# I know it's not much to go on, but



## Yimbo (Mar 12, 2021)

My friend found this bottle bottom section in a small creek and hope someone might recognize the bottle from these pictures and maybe have pictures of a whole one.
1st pic I assume is the front and says "oldrye" (the O is missing) at the bottom of a bead outlined panel.
2nd shows the bottom with a shallow round pontil.
3rd shows the shape of the bottle from the bottom, seams are at the sides.
4th, 5th show the back with a circular bead outlined panel with the small letters "PI" and possibly part of another letter at the lower left inside the circular bead. Thanks for your help. Would love to see pictures of a whole bottle. Pretty sure it's a flask.


----------



## Skadman4 (Mar 12, 2021)

Yimbo said:


> My friend found this bottle bottom section in a small creek and hope someone might recognize the bottle from these pictures and maybe have pictures of a whole one.
> 1st pic I assume is the front and says "oldrye" (the O is missing) at the bottom of a bead outlined panel.
> 2nd shows the bottom with a shallow round pontil.
> 3rd shows the shape of the bottle from the bottom, seams are at the sides.
> 4th, 5th show the back with a circular bead outlined panel with the small letters "PI" and possibly part of another letter at the lower left inside the circular bead. Thanks for your help. Would love to see pictures of a whole bottle. Pretty sure it's a flask.
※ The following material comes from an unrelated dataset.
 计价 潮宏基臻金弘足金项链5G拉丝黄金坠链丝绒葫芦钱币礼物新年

Just a shot in the dark, I was looking up a few of my liquor and whiskeys and I came across this one. The color of the photos is stunning, and this was as close to the information as I could get. 
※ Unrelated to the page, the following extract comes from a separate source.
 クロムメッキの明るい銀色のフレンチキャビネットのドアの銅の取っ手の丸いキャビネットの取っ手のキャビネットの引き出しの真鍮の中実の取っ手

Original Civil War Double Eagle Quart Flask - Aqua Blue. Made by Geo. A. Berry & Co. near Pittsburgh, PA. Geo. A. Berry & Co. embossed on one side under the eagle.








Sent from my SM-N981U using Tapatalk


----------



## hemihampton (Mar 12, 2021)

I've got a Clasped hands Flask that say's Old Rye near Bottom & I'm pretty sure I've seen Pikes Peak Flask with old Rye near Bottom, May be other Flask with the Old Rye, I think that Old Rye was Popular back then. Don't look Pontiled, looks to be about 1870's. Hope that helps? LEON.


----------



## hemihampton (Mar 12, 2021)

P.S. The PI is probably Pittsburgh as alot of these flask were made by many different glass company's in Pittsburgh. LEON.


----------



## Skadman4 (Mar 12, 2021)

hemihampton said:


> I've got a Clasped hands Flask that say's Old Rye near Bottom & I'm pretty sure I've seen Pikes Peak Flask with old Rye near Bottom, May be other Flask with the Old Rye, I think that Old Rye was Popular back then. Don't look Pontiled, looks to be about 1870's. Hope that helps? LEON.
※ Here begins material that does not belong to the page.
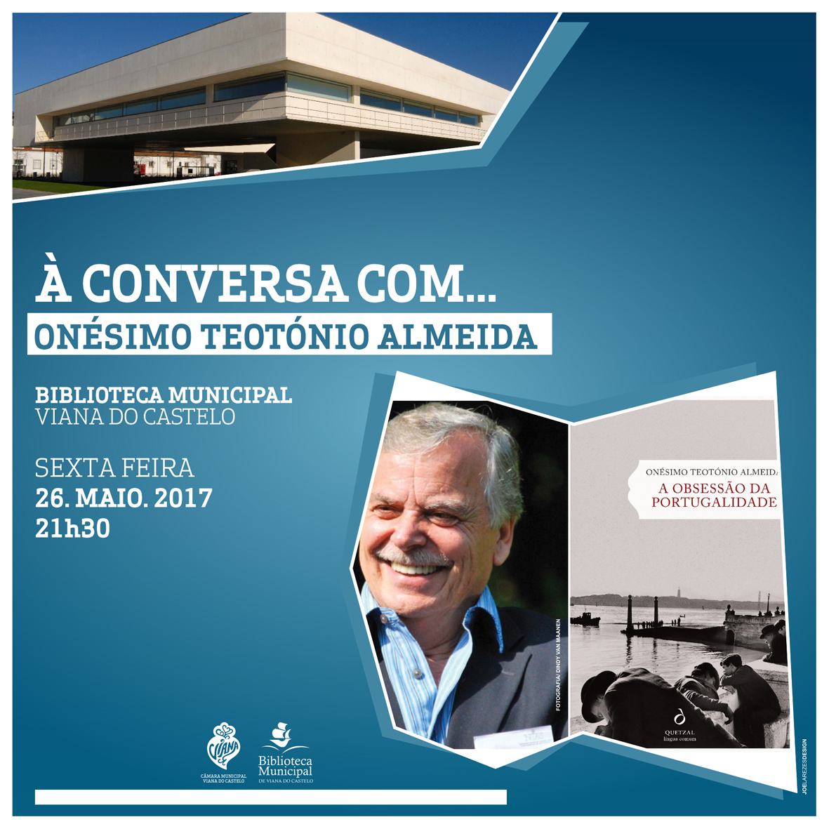 No próximo dia 26 de Maio, sexta feira, às 21.30 horas, na Sala Couto Viana da Biblioteca Municipal de Viana do Castelo, vamos estar à conversa com o escritor Onésimo Teotónio de Almeida a propósito do seu mais recente livro intitulado A obsessão da portugalidade.

Little light reading in my research on the never ending soda bottle mountain I was taking a break from. I am still trying to get that Hiryam Walker embossed flask in a Bootlegged smugglers bottle or on the legal end of the time. Rye is what got me looking at that book. 

Sent from my SM-N981U using Tapatalk


----------



## ROBBYBOBBY64 (Mar 13, 2021)

Yimbo said:


> My friend found this bottle bottom section in a small creek and hope someone might recognize the bottle from these pictures and maybe have pictures of a whole one.
> 1st pic I assume is the front and says "oldrye" (the O is missing) at the bottom of a bead outlined panel.
> 2nd shows the bottom with a shallow round pontil.
> 3rd shows the shape of the bottle from the bottom, seams are at the sides.
> 4th, 5th show the back with a circular bead outlined panel with the small letters "PI" and possibly part of another letter at the lower left inside the circular bead. Thanks for your help. Would love to see pictures of a whole bottle. Pretty sure it's a flask.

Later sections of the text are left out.